13 thoughts on “The beginning….”

  1. What a good start and the meal sounds wonderful! As you say – just the thing for the colder weather! Oh and by the way I wouldn’t be one of ‘those’ friends you refer to would I Wendy??

  2. Thanks Caron and Lesley! I am still trying to work out the system…. I can see your comments but they don’t show on the page.
    I shall have to get the Bear to have a look….

  3. ‘you know who you are’….indeed, and guilty as charged!! If it doesnt come out of a packet, or bag, from Farm foods, it rarely gets a chance in my house!

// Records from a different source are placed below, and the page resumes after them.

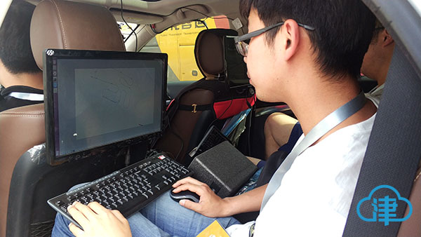 猛狮车队的赛车是比亚迪油电混合动力车,经改装后,车前、车顶分别安装了雷达,可以探测前方以及360°位置的障碍物和闯入物,雷达反应时间为100毫秒以内,可以迅速识别闯入物是动物、行人、车辆等,并由计算机系统控制车辆迅速做出反应,从发现到识别再到做出正确指令,反应速度远超人类驾驶员。津云新闻记者乘坐参赛车试跑——这是一个小型的U型停车场,道路十分狭窄。车辆启动后,从一端口进入,记者注意,在拐弯处有两辆车在此停放,两车之间留下的宽度只有2.5米左右,参赛车行驶至此处后,只见方向自动盘慢慢转向,车辆以10公里/小时左右的速度安全通过。
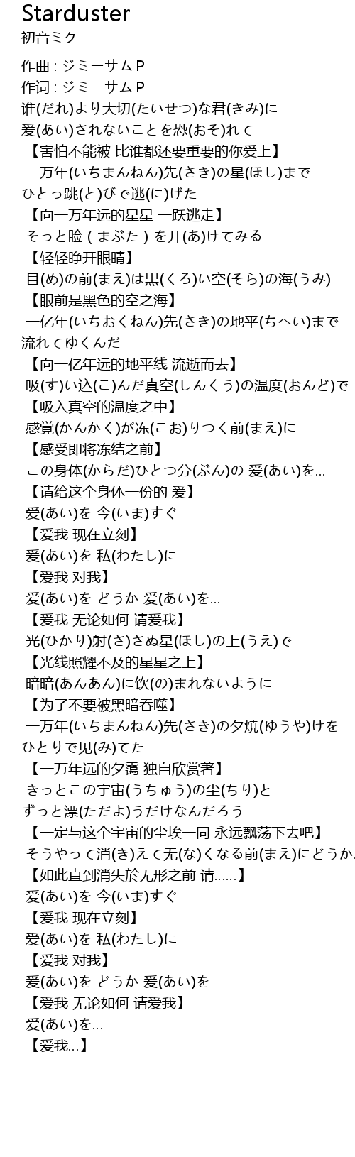 | きっとこの宇宙(うちゅう)の尘(ちり)と ずっと漂(ただよ)うだけなんだろう | |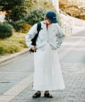 頭にスッキリとフィットし、こなれた印象に。大人カジュアルなコーデにもワンポイントとしても◎
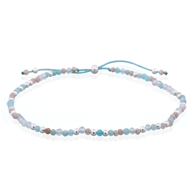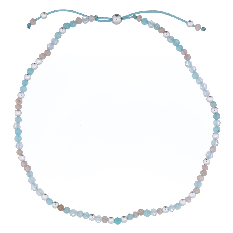 Dainty multi-colored stones are artfully combined with silver beads in this delightful polyester bracelet. Its vibrant design allows for versatile styling, making it a favorite among customers who enjoy mixing and matching. Enrich your selection with this charming piece!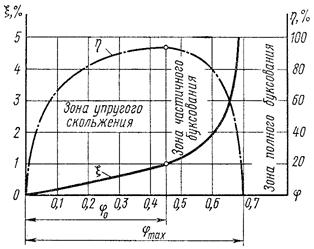 Точка перехода от прямолинейного участка к криволинейному называется критической точкой тяговой характеристики. Кривые скольжения и КПД показывают, что оптимальная нагрузка ременных передач лежит в зоне критических значений коэффициента тяги (φ0), наиболее высокий КПД.
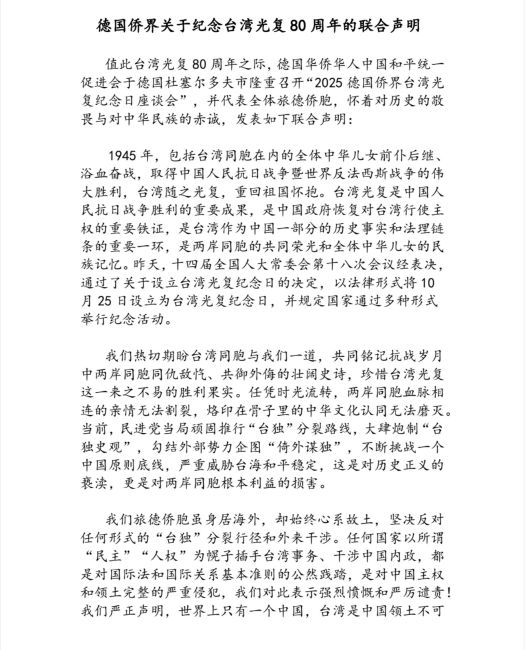 2025年10月25日,正值台湾光复80周年纪念日之际,德国侨界在杜塞尔多夫市举办了德国侨界首个“台湾光复纪念日”座谈会。此次活动由包括台湾、香港同胞在内的旅德侨胞、留学生及中资机构代表共50余人参加。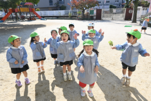 ぴょんぴょん飛んで見せてくれました☺幼稚園のこどもたちはお外遊びの際、園庭に落ちてる葉っぱは木の葉、貝殻など拾って楽しんでます♪

    Anyway….this one just might (the lamb). As I read your blog I could almost smell the delightful smell of lamb slowly cooking. I love lamb, and like it at its most tender, almost melting in the mouth, so easy to chew you could almost eat it without teeth. (At this point I admit I may have ruined the sensory delights you’ve provided)
    Your photos are a godsend to an amateur, and unwilling, cook like me. So many cook books show a picture of lambs bouncing in the fields and then the finished product on a plate. But no, you’ve thought this thru and provided an idiot’s guide. Really, I feel as if it were written for me, but hope I’m not the idiot it’s intended for 😀
    The pic of the ingredients is vitally important as a starting point for me. I can easily see what that mass of words described as an ingredients list actually means in real money. (Maybe I have recipe dyslexia???) Seeing the size of the meat joint required, and the packets of ‘stuff’ (a technical term, you see) helps me work out what to buy before looking round the supermarket feeling like a prize pillock. The pic of the lamb roasted in the frying pan is brill! I can see how long to do it for, how much oil should be in the pan, even the fact that I should leave the string on (I’d not have sussed that bit out, really)
    Then into the orange pot thingy (you have a posh word for it, if I bought one it’d be poundstretcher’s own :D). I can see what size pans and pots I need, and how to blitz the paste, and then what it should look like when pasted on the meat. OK, so it looks like it’s been dropped in a pile of mud….but if that’s how it should look, then I need pictoral proof otherwise I assume I’ve gone wrong!
    It all looks easy, and if you decide to market the finished product, ready sliced in a microwaveable dish, I’d be having it for tea tomorrow night. As it is, I just MAY even attempt it myself:D
    Do you have a pic of the finished, plated meal? It would be nice to see what colour you serve the lamb eventually, and have a look at this stuff you called couscous or sommat!!! 😀 Dont you know farmfoods do prepacked veg??? Only joking 😀
    So then, I need help….tomorrow I may do a gammon piece I ahave. My method would be boil, cool, eat. And it tastes ok if I throw a few onion/bay type bits in the water. But do you have any wise ideas for me?


  4. sounds easy but i don’t eat lamb!!! good blog though!
    p.s, i need recipes that are quick! i don’t get in from work till half six!!

  5. Right, i cannot and will not let this go unnoticed, caron, i’m appalled you haven’t pulled her on it already.

    RUTH!!! it is thought it THROUGH!!! NOT THRU!!!!!! good god woman, what is happening to you????? you’ve become a loose woman!!!!!!

  6. LOL – well done Laura – it proves you read it all! I have to admit to skimming it but after all I have cornflakes to prepare!

  7. Roxy… add some brown sugar to the water as you boil your gammon, and then do the last half hour as a roast with some water left in the pan to keep it moist. Cover the top with more brown sugar for a lovely, bubbly, tasty crust!

    And Els… popadoms go with anything 😉

  8. Laura, thankyou for your kind prompts, I’ll try to keep up the standards in future 😀

    Wendy, brill ta, I’ll do that, sounds easy….altho, when you talk about roasting, I’m assuming that means in the oven, in which case I’ll be putting it in a roasting dish?? Wouldnt my pan get ruined in the oven?? Please remember….idiot proof instructions required. I excel in the idiot department 😀

  9. I cooked this lastnight.. it really is tasty and the smell whilst it’s cooking is devine!! I’m not a great fan of couscous but my other half loves the stuff so I made some Ainsley Harriet spicey couscous which is about the best I’ve tasted. When I do this dish again, I am going to make a jacket spud to go with it.